Background: Standardized validation indices (i.e., accuracy, bias, and precision) provide a comprehensive comparison of step counting wearable technologies.

Purpose: To expand a previously published child/youth catalog of validity indices to include adults (21-40, 41-60 and 61-85 years of age) assessed across a range of treadmill speeds (slow [0.8-3.2 km/h], normal [4.0-6.4 km/h], fast [7.2-8.0 km/h]) and device wear locations (ankle, thigh, waist, and wrist).

Methods: Two hundred fifty-eight adults (52.5 ± 18.7 years, 49.6% female) participated in this laboratory-based study and performed a series of 5-min treadmill bouts while wearing multiple devices; 21 devices in total were evaluated over the course of this multi-year cross-sectional study (2015-2019). The criterion measure was directly observed steps. Computed validity indices included accuracy (mean absolute percentage error, MAPE), bias (mean percentage error, MPE), and precision (correlation coefficient, r; standard deviation, SD; coefficient of variation, CoV).

Results: Over the range of normal speeds, 15 devices (Actical, waist-worn ActiGraph GT9X, activPAL, Apple Watch Series 1, Fitbit Ionic, Fitbit One, Fitbit Zip, Garmin vivoactive 3, Garmin vivofit 3, waist-worn GENEActiv, NL-1000, PiezoRx, Samsung Gear Fit2, Samsung Gear Fit2 Pro, and StepWatch) performed at < 5% MAPE. The wrist-worn ActiGraph GT9X displayed the worst accuracy across normal speeds (MAPE = 52%). On average, accuracy was compromised across slow walking speeds for all wearable technologies (MAPE = 40%) while all performed best across normal speeds (MAPE = 7%). When analyzing the data by wear locations, the ankle and thigh demonstrated the best accuracy (both MAPE = 1%), followed by the waist (3%) and the wrist (15%) across normal speeds. There were significant effects of speed, wear location, and age group on accuracy and bias (both p < 0.001) and precision (p ≤ 0.045).

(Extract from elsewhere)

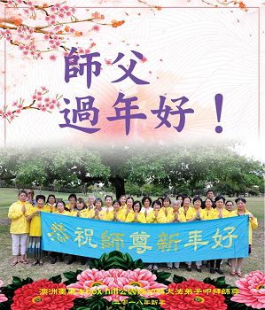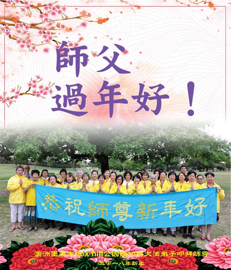 师父过年好!弟子对师尊的感恩无以言表,唯有精進、精進、再精進,兑现史前的誓约。弟子叩拜师尊! 澳洲阿德莱德市全体大法弟子恭祝师父新年好!
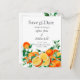 Nosso Blossom Laranja Boho Salve a Data é uma forma na moda para comemorar e compartilhar seu evento alegre. Este design impressionante apresenta uma série de flores de laranja e laranjas lindas adiciona o toque perfeito para qualquer casamento, chá ou evento temático de jardim.

Conclusions: Standardized validation indices cataloged by speed, wear location, and age group across the adult lifespan facilitate selecting, evaluating, or comparing performance of step counting wearable technologies. Speed, wear location, and age displayed a significant effect on accuracy, bias, and precision. Overall, reduced performance was associated with very slow walking speeds (0.8 to 3.2 km/h). Ankle- and thigh-located devices logged the highest accuracy, while those located at the wrist reported the worst accuracy.

Trial registration: Clinicaltrials.gov NCT02650258. Registered 24 December 2015.

Keywords: Accelerometer; Accuracy; Bias; Measurement; Pedometer; Physical activity.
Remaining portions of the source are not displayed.